▶ EXTRACTED DATA:

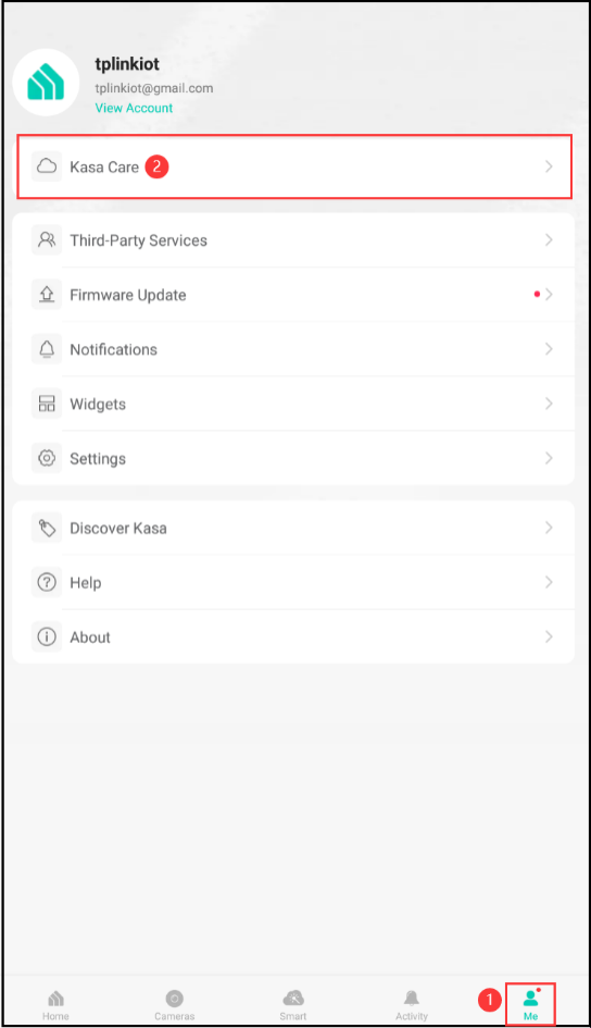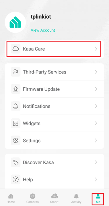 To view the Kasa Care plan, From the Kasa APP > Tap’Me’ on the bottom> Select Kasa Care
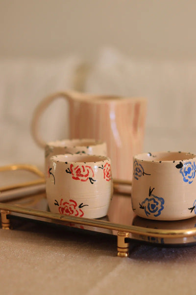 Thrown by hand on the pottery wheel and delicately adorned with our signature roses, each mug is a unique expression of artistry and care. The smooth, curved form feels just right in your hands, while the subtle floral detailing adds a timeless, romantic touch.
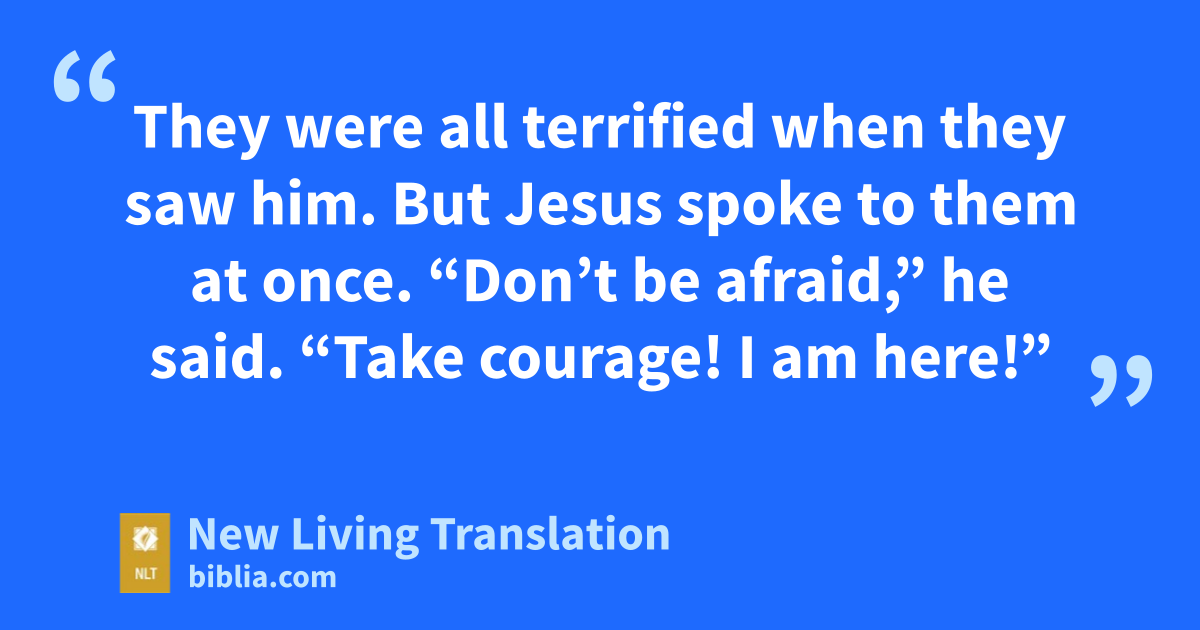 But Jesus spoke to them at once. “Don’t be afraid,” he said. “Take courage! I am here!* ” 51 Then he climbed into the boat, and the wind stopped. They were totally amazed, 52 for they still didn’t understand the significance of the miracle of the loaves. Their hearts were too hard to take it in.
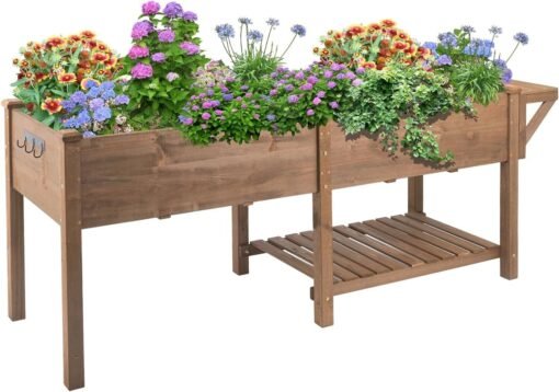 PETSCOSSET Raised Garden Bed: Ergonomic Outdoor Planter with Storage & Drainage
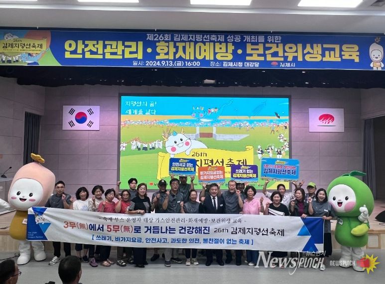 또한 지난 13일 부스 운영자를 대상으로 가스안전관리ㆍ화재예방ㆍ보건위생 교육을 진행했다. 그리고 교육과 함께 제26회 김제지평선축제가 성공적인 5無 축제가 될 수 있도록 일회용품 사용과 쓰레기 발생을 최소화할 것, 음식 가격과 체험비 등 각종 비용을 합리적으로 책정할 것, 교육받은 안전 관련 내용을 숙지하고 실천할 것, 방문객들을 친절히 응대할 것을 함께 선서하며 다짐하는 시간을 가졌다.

...

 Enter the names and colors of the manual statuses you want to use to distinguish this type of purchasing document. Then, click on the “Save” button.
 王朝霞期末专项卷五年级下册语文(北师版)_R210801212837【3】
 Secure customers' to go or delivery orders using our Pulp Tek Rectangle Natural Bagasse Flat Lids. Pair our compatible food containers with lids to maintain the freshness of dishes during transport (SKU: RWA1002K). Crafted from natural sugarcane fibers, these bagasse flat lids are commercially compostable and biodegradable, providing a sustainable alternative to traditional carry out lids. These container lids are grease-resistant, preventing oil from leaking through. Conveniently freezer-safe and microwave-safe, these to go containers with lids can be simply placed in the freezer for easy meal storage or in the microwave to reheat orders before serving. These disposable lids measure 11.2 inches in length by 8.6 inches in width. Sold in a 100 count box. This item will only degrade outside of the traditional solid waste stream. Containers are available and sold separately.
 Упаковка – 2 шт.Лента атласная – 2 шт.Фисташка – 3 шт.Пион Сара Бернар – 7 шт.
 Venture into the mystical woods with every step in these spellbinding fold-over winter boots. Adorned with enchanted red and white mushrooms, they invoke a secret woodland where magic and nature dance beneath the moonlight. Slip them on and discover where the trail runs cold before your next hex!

▶ WHAT YOU NEED TO DO: Look through the material above. Transcribe exactly the lines between the ones with "To view the" and "Thrown by hand", inclusive, and keep pictures out.

▶ RESULT:
 To view the Kasa Care plan, From the Kasa APP > Tap’Me’ on the bottom> Select Kasa Care
 Thrown by hand on the pottery wheel and delicately adorned with our signature roses, each mug is a unique expression of artistry and care. The smooth, curved form feels just right in your hands, while the subtle floral detailing adds a timeless, romantic touch.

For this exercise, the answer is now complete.